It may be hard for us—confronted as we are now by the immense disarray of
‘mainstream’ sociology—to recall a time when British sociology was so
confident of its claims and proprieties. But this was no idle threat. It was
compounded by an equally conservative reaction from those ‘humanists’ who
might have been expected to know better (after all, they too were under notice to
quit from an emergent technicist positivism). They regarded ‘culture’ as already
inscribed in the texts they studied and in the values of liberal scholarship.
Anything more modern was, by definition, a sign of cultural decline and
debasement.

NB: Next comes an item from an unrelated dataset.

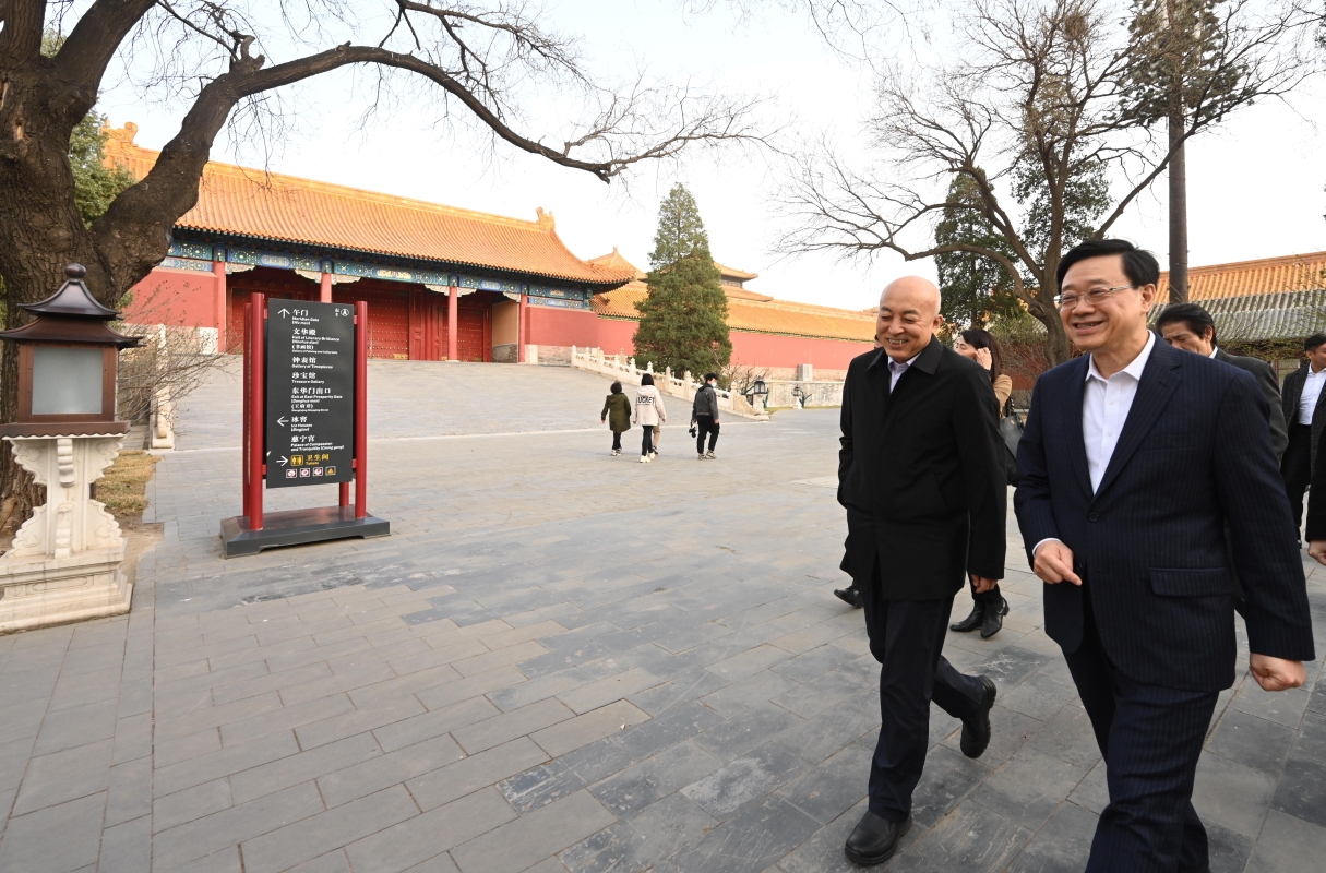 李家超在北京參觀故宮博物院。圖為李家超(右)與故宮博物院院長王旭東(左) 李家超表示,感謝故宮博物院對建設香港故宮文化博物館的大力支持,借出珍貴文物在香港長期展示,並與香港同儕共同策劃開幕展覽。香港故宮文化博物館在去年順利開幕,旋即成為香港的文化新地標,亦是旅客必到的景點。 李家超欣悉香港西九文化區和香港故宮文化博物館將繼續與故宮博物院討論未來的合作方向,項目涵蓋展覽、青少年教育、國際交流合作、專業人才培訓等。他期望故宮博物院可以利用香港作為中外文化藝術交流中心的平台,說好中國故事,傳播好中國聲音。李家超今日將繼續在北京的行程,拜訪不同中央部委和機構。 (完) 【編輯:黃璇】

Spending time analysing modern cultural forms was a positive
collusion with the ‘modern disease’. They shared, in fact, with Leavis, the
assumption that culture and democracy were unalterably opposed. ‘Organic
culture’ lay irredeemably in the past. Everything else was ‘mass culture’. Despite
these areas of agreement with what Leavis called the ‘diagnosis’, they refused
his moral seriousness and strenuous programme as too embattled for their tastes.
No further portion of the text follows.